With 2 of 3 NCL cruise ships leaving, federal rule change would kill local cruise industry. House Republicans introduced a resolution today calling for the Bureau of Customs and Border Protection to reconsider their proposed rule change that would affect coastwise cruises in Hawaii.

“The potential losses to our economy are staggering”, said House Minority Leader Lynn Finnegan.  “According to the Department of Business, Economic Development & Tourism’s estimates, this rule change could decrease sales by $155 million, decrease labor earnings by $44.4 million, and cost Hawaii almost 1,500 jobs,” she continued. “Given the recent business decisions by Norwegian Cruise Lines to pull Pride of Aloha and Pride of Hawaii from the local cruise market due to increased competition, we can ill afford to lose foreign cruise vessels as well,” Finnegan explained.

“Given the projected reduction in economic growth, I don’t think our economy can afford another $200 million dollar hit,” added House Minority Floor Leader Colleen Meyer (R-47th District), who is a member of the House Finance committee.  “And the loss of even more jobs through so many sectors of our economy is certainly undesirable,” continued Representative Meyer.
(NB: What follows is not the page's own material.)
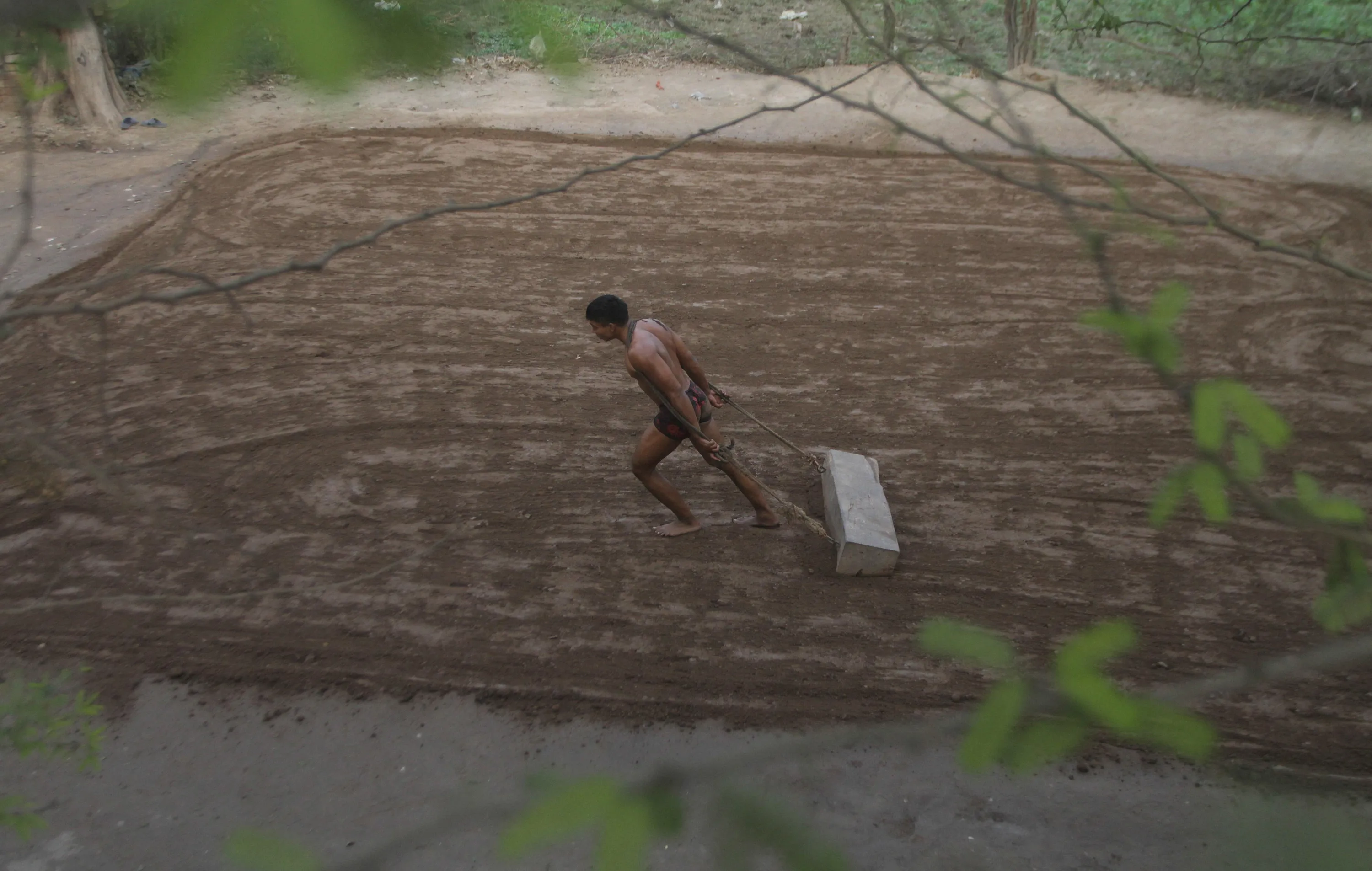 A Pakistani Kushti wrestler prepares the ground in the ring for a training session, in Lahore, Pakistan, Tuesday, January 5, 2016. Kushti, an Indo-Pakistani form of wrestling, is several thousand years old and is a national sport in Pakistan. (Photo by K.M. Chaudary/AP Photo)

The proposed rule would make foreign flagged cruise vessels travelling between U.S. ports stop at a foreign port for at least 48 hours.
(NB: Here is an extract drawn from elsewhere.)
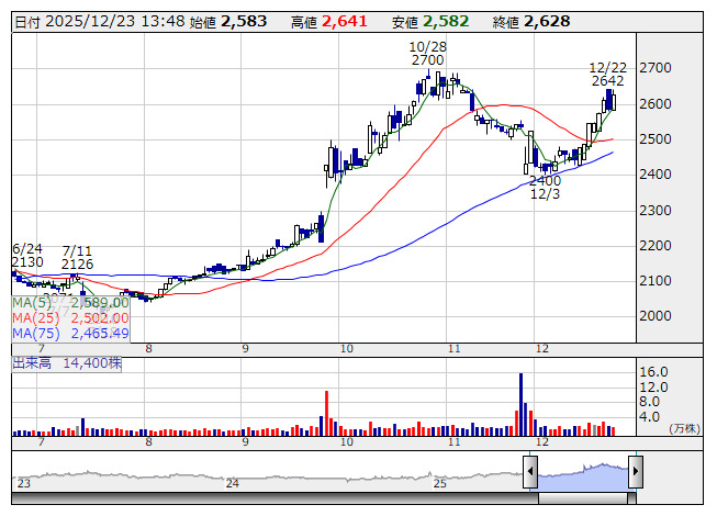 ニイタカ <日足> 「株探」多機能チャートより12月24日の決算発表銘柄(予定)

  “This rule change will likely end most interisland cruises originating outside of Hawaii, leaving only Pride of America and this is not conducive to growing a local cruise industry,” commented Representative Barbara Marumoto (R-19th District ), member of the House committees on Economic Development & Business and Tourism, Arts & Culture.  “As has been reported in local media, without the boost in visitorship provided by all interisland cruises, tourism would have been flat for the past 4 years,” said Representative Marumoto.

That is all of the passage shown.